■ TASK OBJECTIVE: Gather every line from the entries below that includes "barco".

PROVIDED RECORDS Block Start

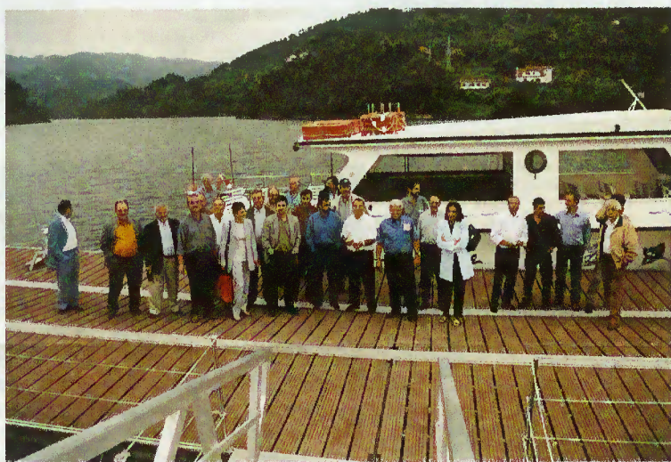
Os membros da Assembleia Municipal junto ao barco da Brancelhe

Após o almoço servido na referida estalagem, e na sequência de um convite formulado pela empresa municipal de Vieira do Minho, Brancelhe , os deputados municipais foram brindados com um passeio de barco pelas águas da barragem da Caniçada.
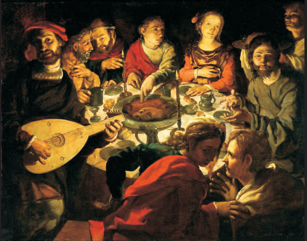
Jan Cornelisz Vermeyen Nozze a Cana olio su tavola (1530) Rijksmuseum, Amsterdam
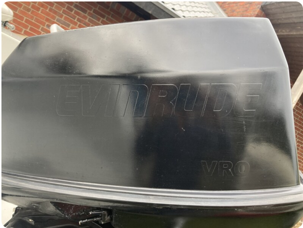
Big Fish 470 msp768487 13
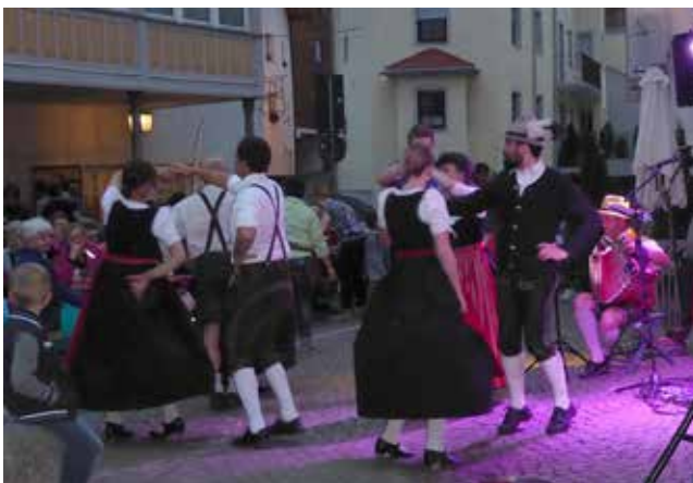
Einige Bilder beim Tiroler Festl

PROVIDED RECORDS Block End

■ EXERCISE SOLUTION:
Os membros da Assembleia Municipal junto ao barco da Brancelhe
Após o almoço servido na referida estalagem, e na sequência de um convite formulado pela empresa municipal de Vieira do Minho, Brancelhe , os deputados municipais foram brindados com um passeio de barco pelas águas da barragem da Caniçada.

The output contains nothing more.